Na proposta de Candidatura do ADV a Património Mundial foi utilizada uma metodologia de estudo de caracterização paisagística. Para a identificação dos limites, de forma a descrever na íntegra a paisagem do Alto Douro, o objetivo passava por identificar um espaço que simultaneamente: “ 1) fosse representativo do caráter da paisagem da Região Demarcada do Douro e das três sub-regiões, da mais atlântica à mais mediterrânica; 2) reunisse de forma coerente a maioria do conjunto de valores mais significativos; e 3) apresentasse um bom estado de conservação no seu todo admitindo-se apenas um número mínimo de intrusões pontuais.” (FRAH 2000, p.33).Sendo esta paisagem resultado da união do Homem-Natureza, há uma relação entre elementos naturais e culturais, que na candidatura se distinguem como: elementos naturais – “os vales encaixados, os declives acentuados; os antrosolos; a escassez da água; a precipitação reduzida; a diversidade dos habitats naturais; do atlântico ao mediterrâneo; as culturas mediterrânicas: a vinha, a oliveira e a amendoeira; a presença dominante da vinha; o efémero na paisagem: luz e cor, som e silêncio, e os cheiros”; e elementos culturais – “o padrão da paisagem; os povoados; a acessibilidade – o rio e o caminho-de-ferro; referencias na paisagem; as quintas e os casais; o sagrado; os muros”; em síntese estes elementos são “os criadores da paisagem” (idem, p.33).

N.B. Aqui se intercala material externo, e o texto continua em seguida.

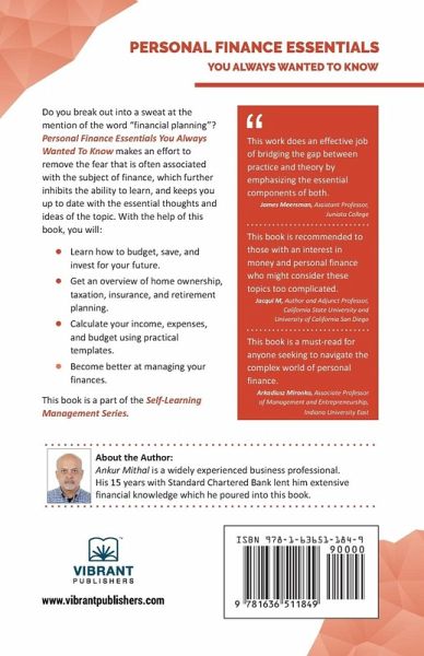 A Practical Guide to Budgeting, Investing, Retirement Planning, Home Ownership, and Taxation. An introduction to managing your personal finances better Personal Finance Essentials You Always Wanted to Know is a guide that will help you understand money and manage it like a pro. Do you break out into a sweat at the mention of the word 'financial planning?' Do you often struggle with meeting your expenses? Do you worry about the future and ensuring your financial stability? And is the time for filing tax returns stressful for you? Countless others go through the same experience, but it need not be this way. This book answers all your pressing questions about finance and many more. It makes an effort to remove the fear that is often associated with the subject of finance by offering all the essentials in a conversational manner to engage the readers. Packed with fun facts and quizzes, it tackles subjects that constitute the world of personal finance which everyone has to deal with, whether we like it or not. With the help of this book, you will:Learn how to budget, save, and invest for your future. Get an overview of home ownership, taxation, insurance, and retirement planning. Calculate your income, expenses, and budget using practical templates. Become better at managing your finances. Personal Finance Essentials is a ready reckoner for individuals who would like to know more but do not know where to start. It could be you and me, or students beginning a course in Finance, or youngsters exploring different lines of education and career. It could also be an organization attempting to help employees understand money management. This book has something for everyone. It is a part of the Self-Learning Management Series designed to help students, managers, career switchers, and entrepreneurs learn essential management lessons.
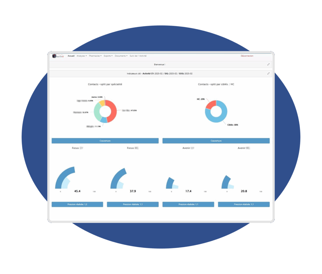 Suivis de cibles, R/O contacts, R/O couverture, croisement ventes/activité.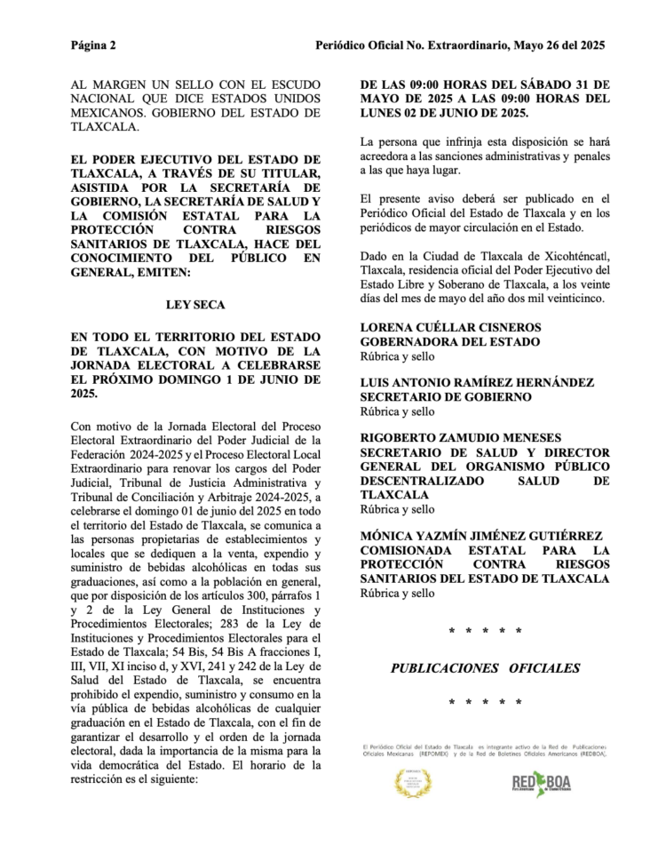 El documento, publicado este 26 de mayo en el Periódico Oficial del Estado de Tlaxcala, está avalado por la gobernadora Lorena Cuellar Cisneros, y los titulares de las secretarías de Gobierno (Segob) y Salud (Sesa), así como la Comisionada Estatal para la Protección contra Riesgos Sanitarios del Estado.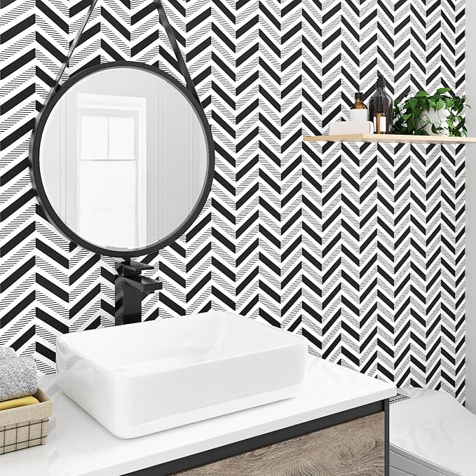 Black and White Peel and Stick Wallpaper Herringbone Geometric Wallpaper Modern Boho Geometric Contact Paper Self Adhesive for Bedroom Living Room Accent Wall Cabinets Drawers 17.5" x120"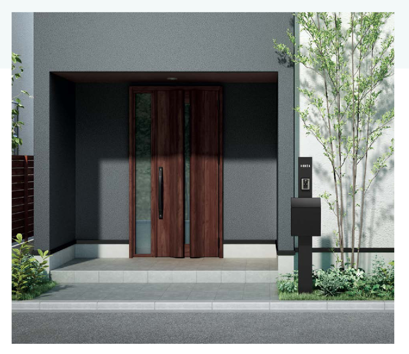 門柱で建物から離して設置することで来た人を玄関前まで踏み込ませなくて済むというメリットがあり、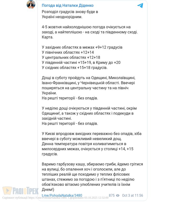 Синоптикиня Наталка Діденко повідомила, що 4-5 жовтня в Україні збережеться неоднорідний розподіл температури.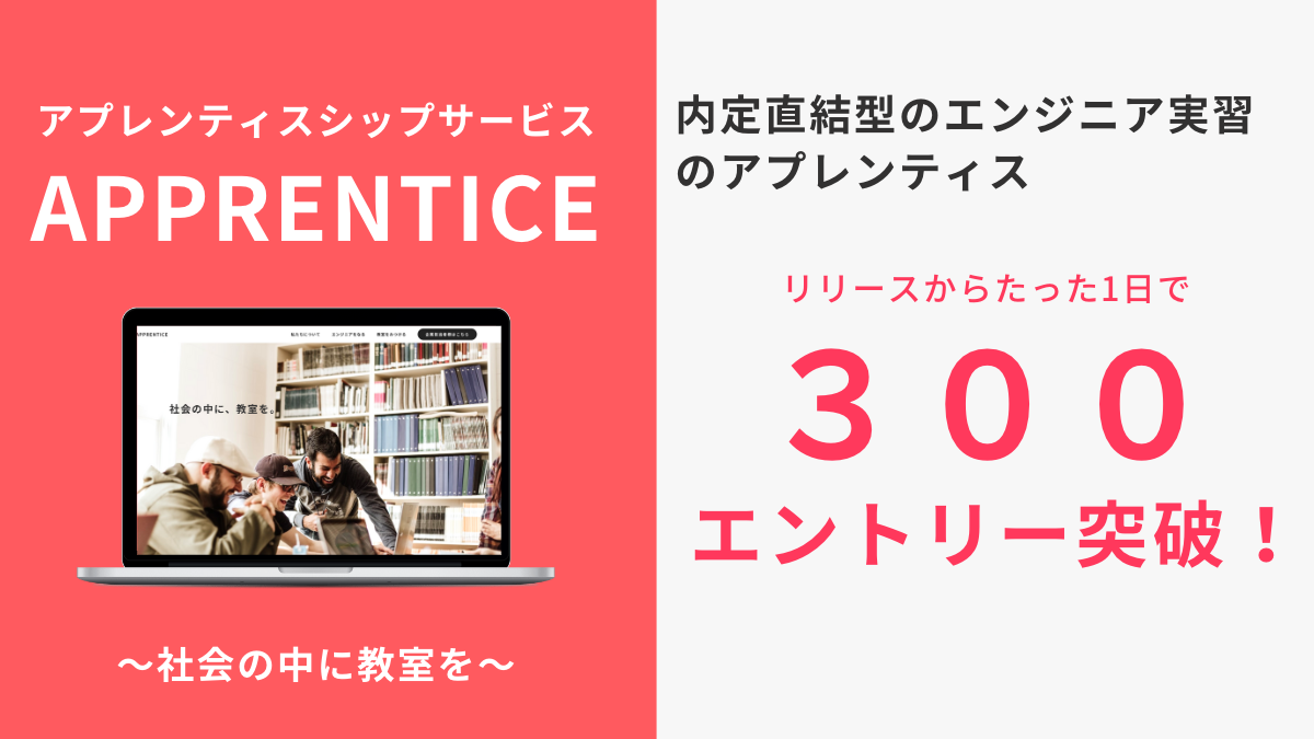 新たなエンジニア教育プログラム『アプレンティス』が公開から1日でエントリーが300名を突破しました。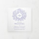 Blue purple hand-drawn growing leaf botanical art square-shaped wedding program with your own love story and remembrance sections. Personalise this wedding trifold program with your own wedding ceremony details, party names, love story, and dedications. Simple leaf design circling your own monogram initials in white and grey and blue purple colour. Other colours and matching wedding items available. © Original leaf drawing and design by Sarah Trett for www.mylittleedenweddings.com on Zazzle.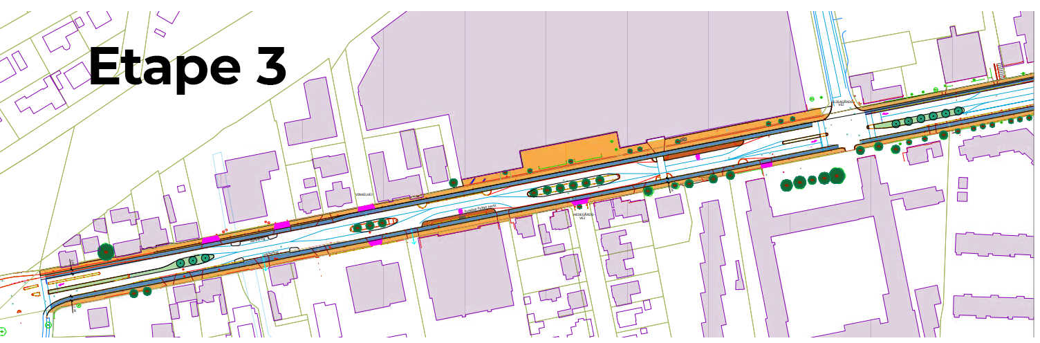 Når etape 3 er færdig, vil den have flere midterrabatter med grønne træer, bedre bustoppesteder og lysregulering i fodgængerovergangen til Ros Torv.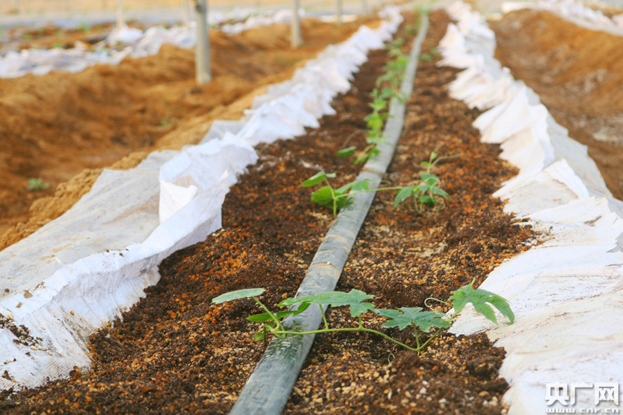 勝利大棚內(nèi)采用無土栽培技術種植的苦瓜(央廣網(wǎng)記者 夏燕 攝)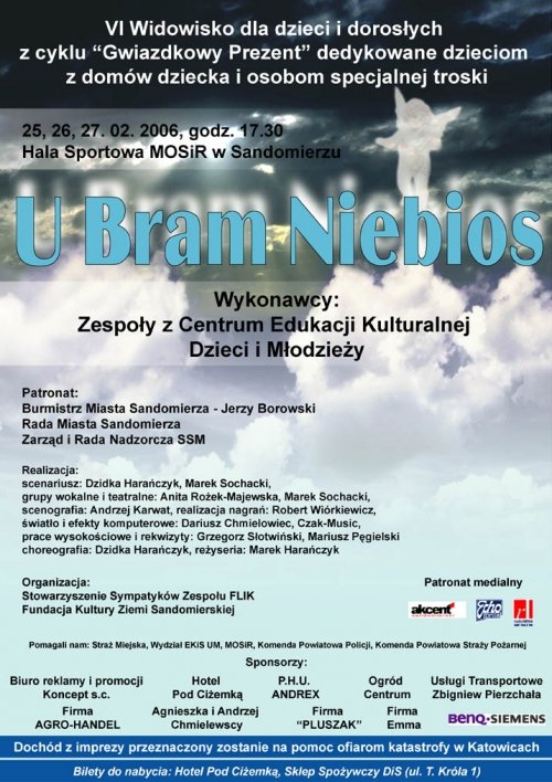 | VI Widowisko z Cyklu 'Gwiazdkowy Prezent' 2006 Dochód z tegorocznego widowiska przeznaczony zostanie na pomoc ofiarom katastrofy w Katowicach Galeria I - Leszka Gospodarczyka I część - http://83.15.104.67%20/leszek/Reporterka%20Flik.htm II część - http://83.15.104.67%20/leszek/Reporterka%20Flik%202.htm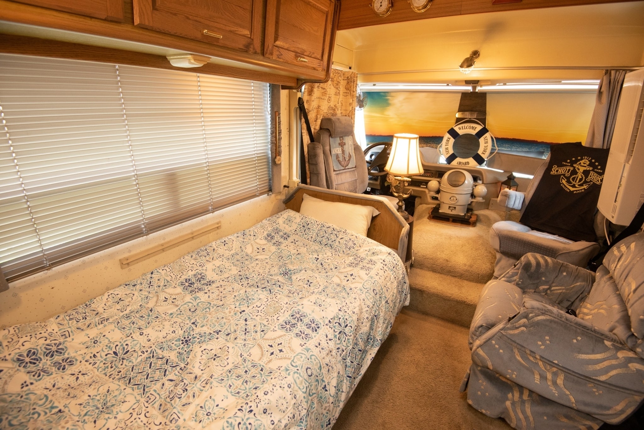 スクールバスにはベッドが2台とバスタブ付きのバスルーム・トイレが付いています。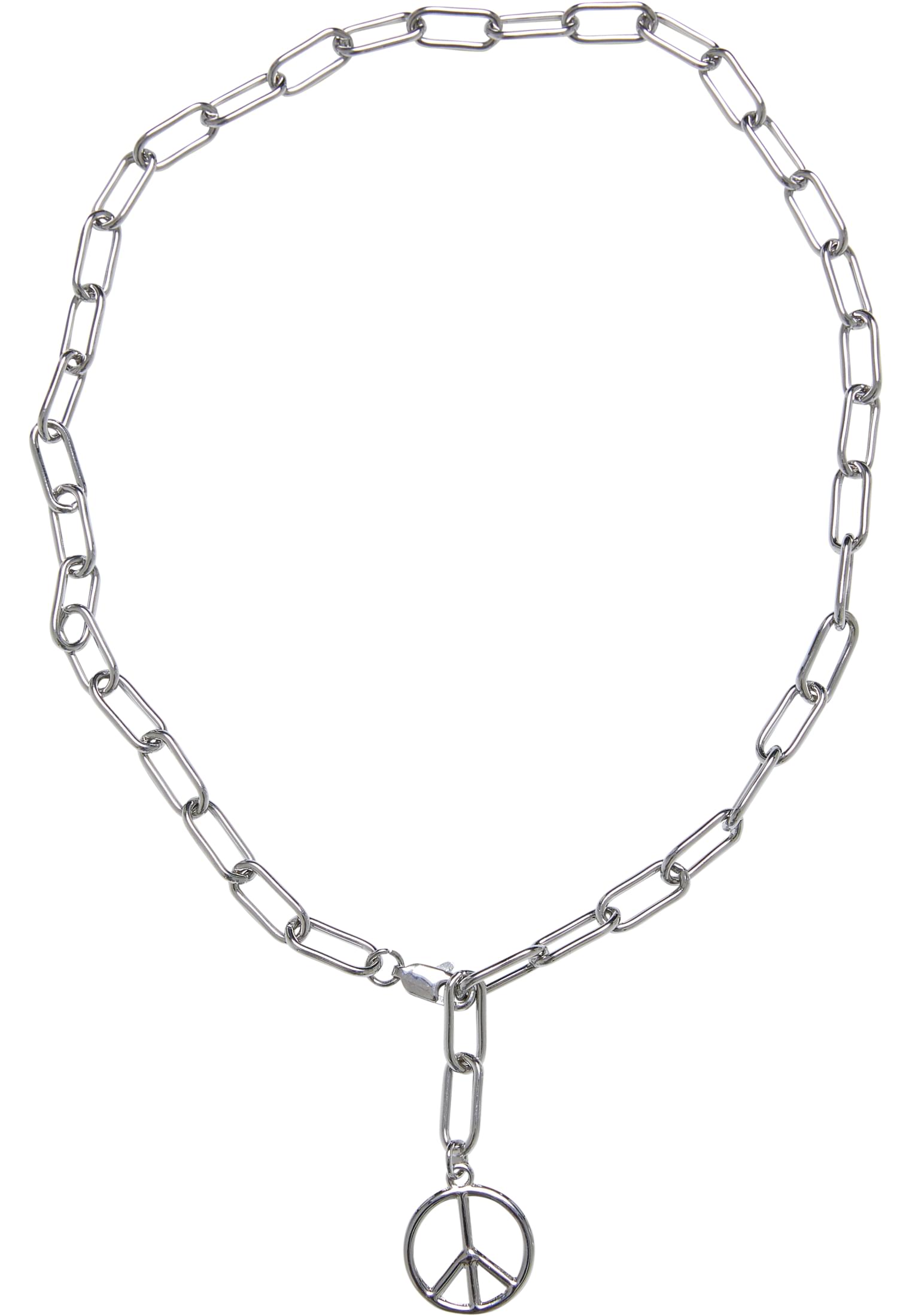 En Y-kedja med stora, avlånga länkar och ett litet hänge i form av ett fredssymbol. Halsbandet kan stängas i mitten – den lilla karbinhaken kan hakas in i varje kedjelänk, vilket gör att storleken kan justeras individuellt. Det fina smycket är tillverkat av järn och zink och passar alla storlekar.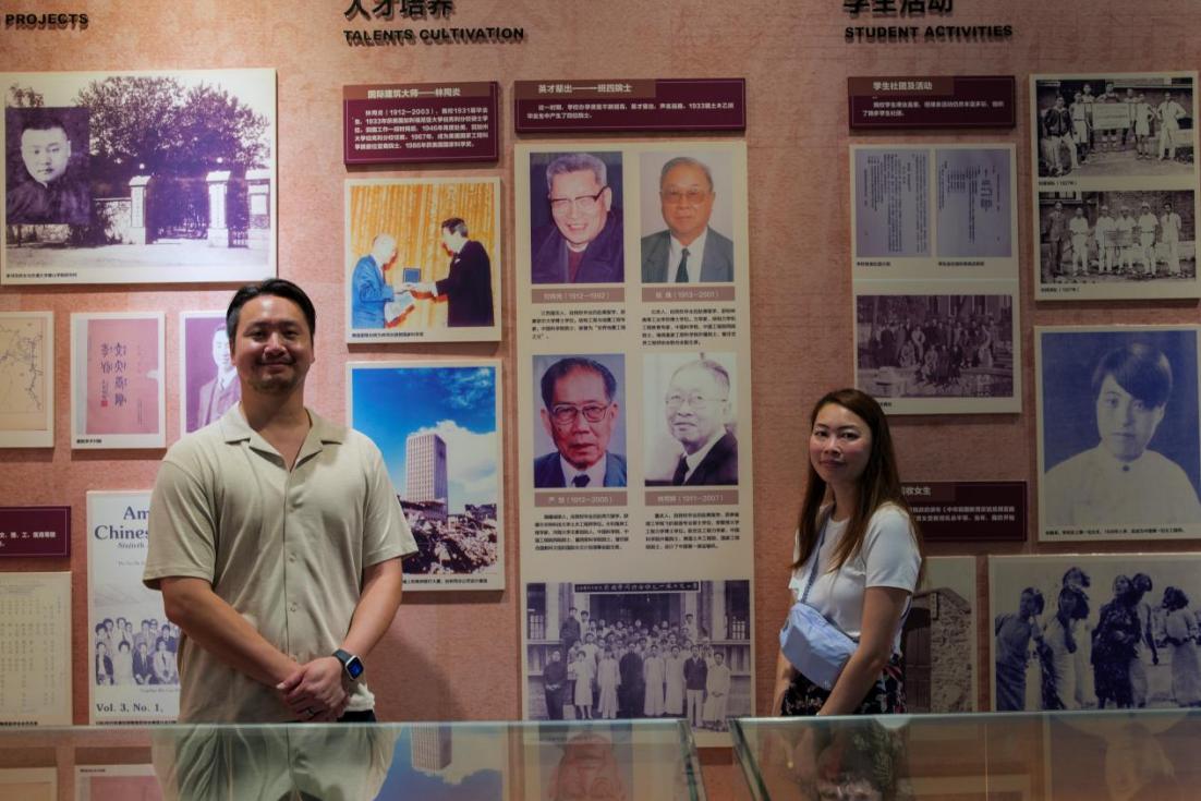 随后,夫妇二人来到校史馆。在关于学校“黄金时代(1920-1937)”的展陈中,林同炎先生的事迹被重点呈现。讲解员详细介绍了林同炎先生1931年从唐山交通大学(西南交大前身)毕业后,在工程领域取得的开创性成就:1967年凭借卓越的学术造诣当选美国国家工程院首位亚裔院士;1986年里根总统亲自为其颁发美国国家科学奖章——这是美国科学界的最高荣誉。一张张珍贵的照片,一段段详实的文字,串联起林同炎先生将交大精神远播海外、造福世界的辉煌历程。

A cultura da vinha era a principal atividade da região e o rio, a solução para poder transportá-lo para todo o mundo, desse modo surge a necessidade de locais apropriados para essas atividades e funções. Foram assim criados circuitos de circulação onde ocorria a troca do produto, esses locais eram maioritariamente junto ao rio para facilitar o comércio e que com o passar do tempo transformaram-se em povoações com maior ou menor número de pessoas.